Rowland v. Walker

245 F. Supp. 2d 136, 2003 U.S. Dist. LEXIS 2383, 2003 WL 436062
CourtDistrict Court, District of Columbia
DecidedFebruary 21, 2003
DocketCIV.A. 01-567(JMF)
StatusPublished
Cited by3 cases

This text of 245 F. Supp. 2d 136 (Rowland v. Walker) is published on Counsel Stack Legal Research, covering District Court, District of Columbia primary law. Counsel Stack provides free access to over 12 million legal documents including statutes, case law, regulations, and constitutions.

Bluebook
Rowland v. Walker, 245 F. Supp. 2d 136, 2003 U.S. Dist. LEXIS 2383, 2003 WL 436062 (D.D.C. 2003).

Opinion

MEMORANDUM OPINION

FACCIOLA, United States Magistrate Judge.
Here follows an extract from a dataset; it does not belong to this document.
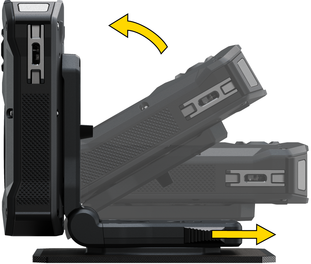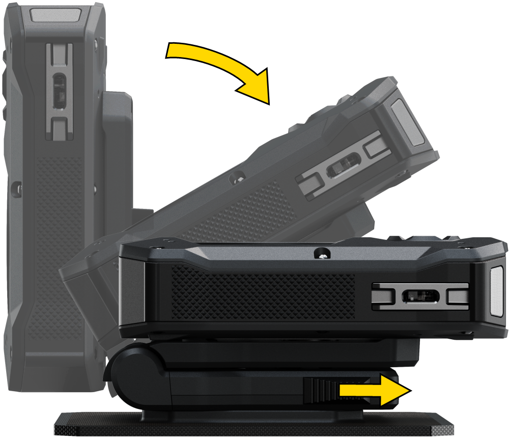 - Pull the finger tabs on both sides of the mount rearward to allow the body camera to spring open to the upright working position.

Currently ripe and ready for resolution is Defendants’ Motion for Summary Judgment (“Defs.Mot.”). For the reasons articulated below, defendants’ motion will be granted.

BACKGROUND

Dwight Rowland (“plaintiff’) is suing David Walker, the Comptroller General of the General Accounting Office (“Walker”), Michele M. Hamilton, a Human Resources Manager at GAO (“Hamilton”), and Timothy DiNapoli, a Supervisor at GAO (“DiNapoli”), for employment discrimination in violation of Title VII of the Civil Rights Act of 1964, 42 U.S.C.A. § 2000e et seq. 1 Plaintiff claims that he was discriminated against because of his race and gender, that he endured a hostile work environment, and that he was retaliated against.

DISCUSSION

I. Defendants’ Motion to Dismiss is not Premature

It is legitimate to oppose a motion for summary judgment by submitting an *139 affidavit attesting that one cannot “for reasons stated present by affidavit facts essential to justify the party’s opposition.” FED. R. CIV. P. 56(f). Plaintiff attempts to meet this burden by insisting that he never received (1) the performance evaluations and progress reports for the African American Band ID evaluators of 1998 and (2) copies of the e-mails of the persons he named in his Request for Entry upon LandL 2

Defendants first point out that plaintiff never requested information regarding the performance evaluations of African American Band ID evaluators during discovery. Defendants’ Reply to Plaintiff’s Opposition to Defendants’ Motion for Summary Judgment (“Defs.Reply”) at 3 n. 1. Defendants then explain that plaintiff narrowed his request for e-mail to all e-mails created by two persons during a certain period of time and that defendants sent these emails to plaintiffs counsel by a letter dated June 13, 2002. Id. & Exhibit 20 (letter transmitting e-mails).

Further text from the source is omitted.